▶ **DATA SHOWN**:

***

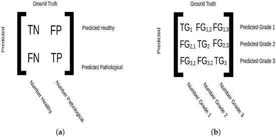 Confusion matrix setup. (a) For binary classification, true negative (TN) indicates tissue correctly predicted as healthy, true positive (TP) indicates tissue correctly predicted as pathological, false negative (FN) indicates pathological tissue predicted as healthy and false positive (FP) indicates pathological tissue predicted as healthy. The micro average displays the number of samples classified in integers, and macro average displays classification in ratios. (b) For grade classification, true grade () is the number of samples belonging to class i and predicted as such, and false grade () corresponds to samples predicted as grade i but belonging to grade j. The micro average shows the total number of classified data points, and the macro average shows number of classified patients.
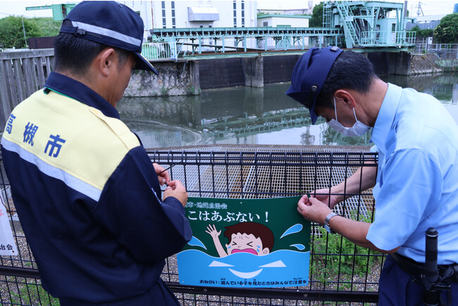 高槻市では、子どもの水の事故を防止するため、7月1日の国民安全の日に合わせ、毎年、市内の水路やため池など水辺に設置された看板やフェンス等が老朽化していないかなどを点検し、必要に応じて看板の再設置や補修をしています。
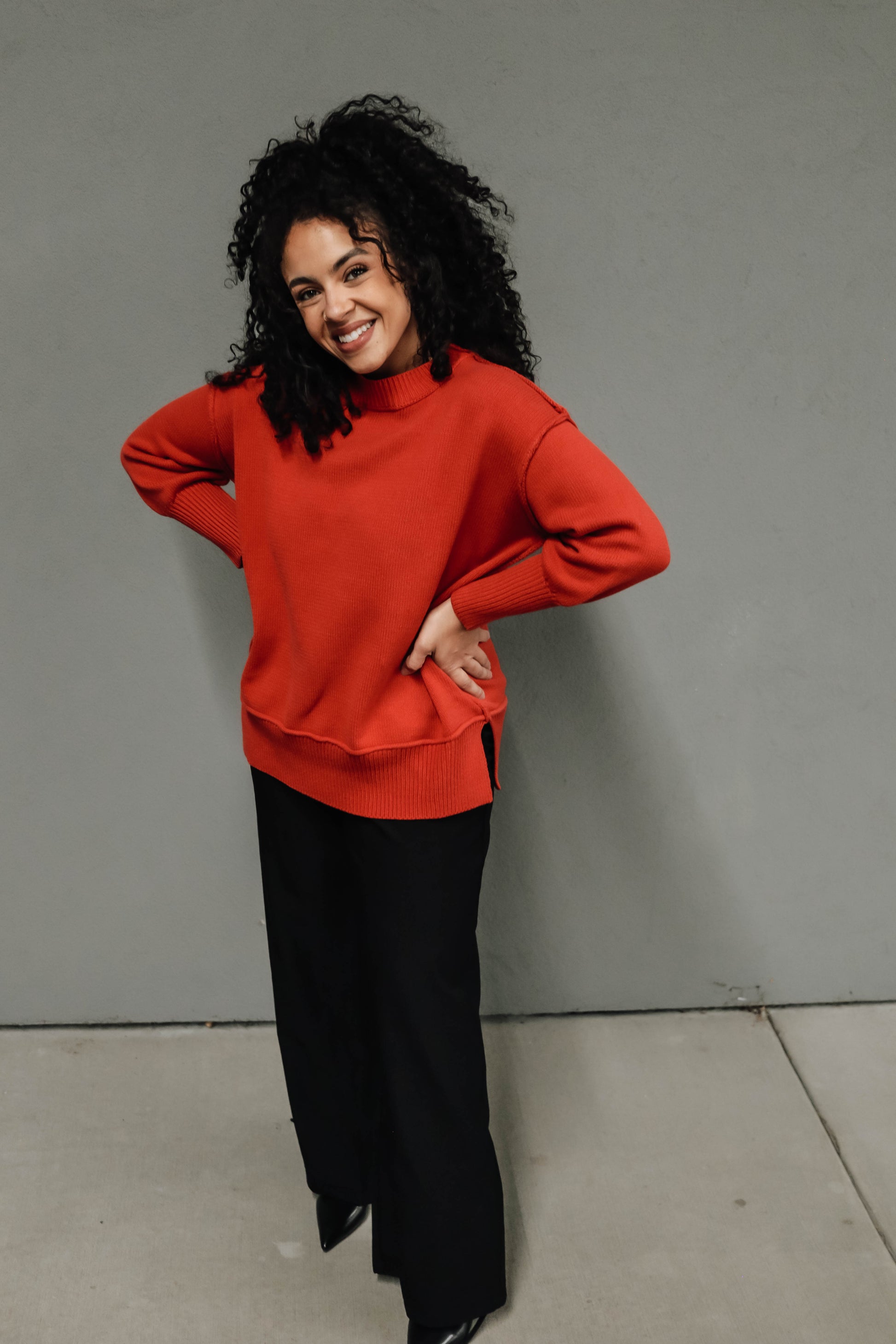 The Ina sweater effortlessly blends charm and versatility. This wardrobe essential is designed as a adorable pullover, that is comfy, oversized with exposed seams, side slits and transition effortlessly. Your favorite new go-to piece has arrived.

***

▶ **TASK GOAL**: What you should repeat exactly is the run of lines from the top of the listing above through the line with "高槻市では、子どもの水の事故", without pictures.

▶ **ANSWER BOX**:
 Confusion matrix setup. (a) For binary classification, true negative (TN) indicates tissue correctly predicted as healthy, true positive (TP) indicates tissue correctly predicted as pathological, false negative (FN) indicates pathological tissue predicted as healthy and false positive (FP) indicates pathological tissue predicted as healthy. The micro average displays the number of samples classified in integers, and macro average displays classification in ratios. (b) For grade classification, true grade () is the number of samples belonging to class i and predicted as such, and false grade () corresponds to samples predicted as grade i but belonging to grade j. The micro average shows the total number of classified data points, and the macro average shows number of classified patients.
 高槻市では、子どもの水の事故を防止するため、7月1日の国民安全の日に合わせ、毎年、市内の水路やため池など水辺に設置された看板やフェンス等が老朽化していないかなどを点検し、必要に応じて看板の再設置や補修をしています。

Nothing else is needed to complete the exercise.